Q: Can you tell me about your role as a clinical instructor?
A: My role has grown a lot since I started at Puget Sound in 2013. In the fall, I teach the methods course for our secondary education candidates, co-teach a weekly seminar, and supervise school-based placements. In the spring, my work is mostly field supervision, where I work with our teacher candidates in K-12 schools around the South Sound. That’s probably the most rewarding part of the job, because I get to be in classrooms and around kids, and I get to help our candidates see all of the nuances of teaching. It gives me lots of points of contact with our students, which is important to me because all teaching and learning begins with relationships. I love that I get to wear different hats—I’m their instructor, but I’m also a coach, a mentor, and advisor.

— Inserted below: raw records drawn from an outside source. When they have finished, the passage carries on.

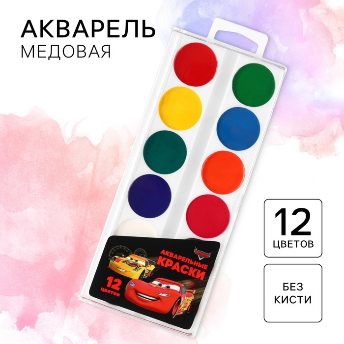 Акварель медовая «Тачки», 12 цветов, в картонной коробке, без кисти
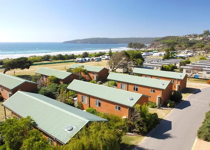 Discovery Parks - Pambula Beach is a 4-star holiday park offering beachfront accommodations on the Sapphire Coast. The park features a waterpark, splash play areas, and a resort-style swimming pool. It is surrounded by Beowa National Park, providing direct access to hiking trails and pristine beaches.
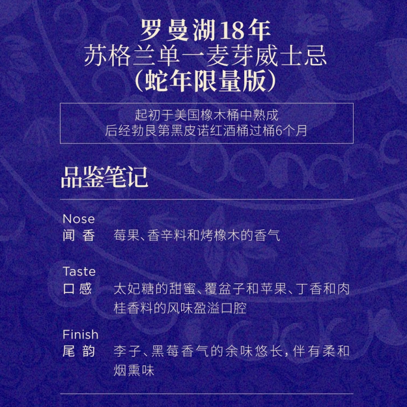 罗曼湖(Loch Lomond)18年苏格兰单一麦芽威士忌-蛇年限量

Q: How does Puget Sound’s mentorship model differ from the way other programs prepare new teachers for the classroom?
A: The idea of dropping a student teacher into a classroom and saying, "All right, peace out, see you in a few months," just doesn't align with who we are. We want to make sure that our students are learning good practices, and it starts with having strong mentors to guide their development as educators, not from leaving them to sink or swim. Because of our small size, we are able to form deep and lasting relationships with local educators and work to find the best pairings for mentors and MAT candidates. The mentor-student teaching relationship can make or break the degree to which a student can grow and be challenged in productive ways, so we spend a lot of time working with our mentors in the schools. Hopefully, partnering with a quality mentor puts our students one step closer to becoming the teachers they want to be.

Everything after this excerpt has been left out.